С заходом солнца все стихло. Луна, приподняв над краем земли свой круглый багряный щит, увидела степь, погруженную в сон.

Спали люди, провожавшие царскую повозку, — кто на войлоке спал, кто на траве.

Спали стреноженные кони. Их гривистые головы были опущены до самых копыт. В ворохе мягких бараньих шкур лежала женщина в платье, как звездное небо. За ее широкой спиной, прижав колени к самому подбородку, посапывала девочка с копной светлых волос. Лохматый пес свернулся в клубок у заднего колеса и во сне тихо повизгивал.

Луне никто не мешал.

Сторожившие кибитку воины сидели недвижно, как высеченные из камня фигуры, предназначенные оберегать курган.

Обрадованная тишиной, луна заскользила по темному небу. В пути она уменьшалась и меняла свой цвет. Из багровой, как раскаленный в горне металл, сделалась цвета золота, сплавленного с серебром, и, став такой, послала на землю поток сияющих голубых лучей.

Стойбища и кочевья, близкие и далекие, занявшие степь до самых пределов, спали, укрытые голубым светом, словно прозрачным войлоком из тончайшей шерсти козлят.

Только в одной кибитке, одиноко стоявшей поодаль от тесно сбившегося стойбища, не было сна. В ночь полной луны здесь никогда не ложились. Миррина, рабыня, купленная за пять бронзовых браслетов, и Арзак, приемыш Старика, прислонив распрямленные спины к высоким колесам, не отрывали глаз от залитой лунным светом раскачивавшейся фигуры, удаленной от них на расстояние в пол перелета камня. Ближе Старик не подпускал. Тайна нетупевших акинаков принадлежала двоим: ему и луне. Недаром акинак ковался в ту ночь, когда вся сила луны при ней. Избыток она отдавала взамен на тайное слово. Старик это слово знал. Он был ведун.

Тех, кто ведает тайны металла, земли и неба, люди боятся. В кочевьях даже имя ведуна не смели произносить и называли его Царант — «Старый», «Старик».
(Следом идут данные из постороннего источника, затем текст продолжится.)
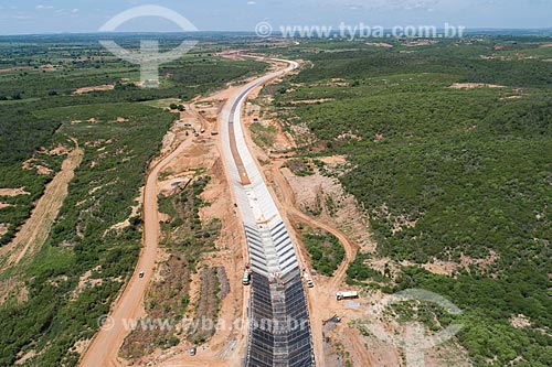 •  Picture taken with drone of the construction of the Project of Integration of Sao Francisco River with the watersheds of Northeast setentrional - north axis  - Jati city - Ceara state (CE) - Brazil
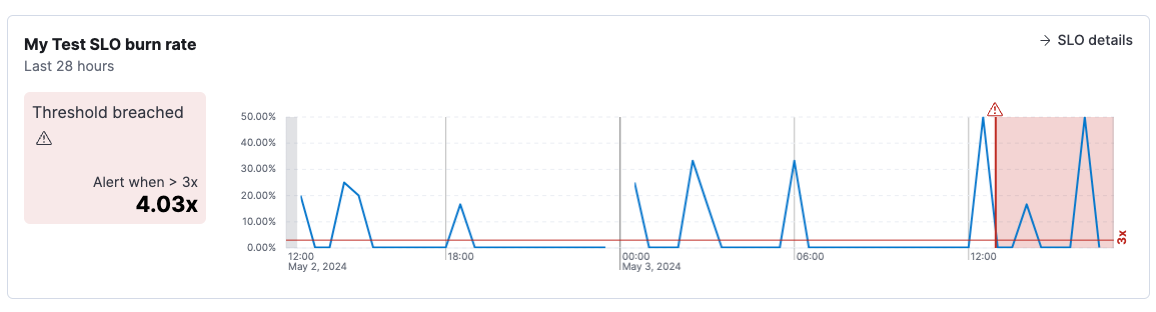 SLO burn rate breaches occur when the percentage of bad events over a specified time period exceeds the threshold set in your SLO burn rate rule. When this happens, you are at risk of exhausting your error budget and violating your SLO.

— Ведун. Сто лет живет. Деды не помнят, когда он родился.

— Его стрелы заговоренные. Его копья пробивают медную доску толщиной в три пальца.

— В ночь полной луны в него вселяется дух. Сама луна бросает на наковальню нетупеющий акинак.

— Он оборотень, он способен обернуться с волка с зубами острее его клинков.

Это и многое другое говорили люди о Старике. Но шли к нему из далеких и ближних кочевий. Во всей степи не было мастера лучшего, чем Старик.

— Смотри, — прошептал Арзак, — сила луны льется на наковальню. Искры так и прыгают, так и несутся.

— Он, как бог кузнечного ремесла Гефест, кующий богам оружие, отозвалась Миррина на языке эллинов [греки называли себя эллинами, свою страну Элладой].

Стоило им остаться без Старика, как Миррина начинала говорить по-гречески. При Старике она говорила по-скифски и с малышкой Одатис по-скифски, а с Арзаком — на родном языке. Так повелось с самого начала.

Старика Миррина не боялась, не верила, что он превращается в волка. Миррина вообще не была похожа на других рабынь. Тихие, покорные, они жались к кибиткам, словно хотели стать тенью колес. Миррина держалась горделивей жены самого богатого человека в кочевье, не снижала голос, не втягивала голову в плечи и, прикрывая шрам на щеке длинной спущенной прядью, остальные волосы забирала наверх, как носили в ее стороне. От высокой прически стан казался еще прямее, поступь еще уверенней.

«Я не рабыня», — повторяла Миррина при каждом удобном случае. — Я эллинка, попавшая к диким варварам в плен»

Арзаку было четыре года, когда Старик привел Миррину в кибитку и положил ей на руки слабо пищавшую Одатис. Как они сами с Одатис очутились у Стакира, Арзак не помнил. Он очень боялся, что сестренка умрет. Она была так мала, что еще не умела есть. Но Миррина опустила в горшок клок чисто вымытой шерсти, Одатис схватила его губами и принялась сосать.

С той поры зимнее солнце десять раз сменилось весенним. Для Арзака Миррина стала старшей сестрой. Одатис называла Миррину «мата» — мама, и Миррина любила ее словно родную дочь.

Сейчас малышки не было с ними, ее увезли в царский стан. День или, может быть, два надо ждать ее возвращения.

Луна катила по небу свой круглый щит. На щите кольцом свернулась пантера. Каждый скиф с детства привык различать круглую морду, мягкие лапы, клыкастую пасть.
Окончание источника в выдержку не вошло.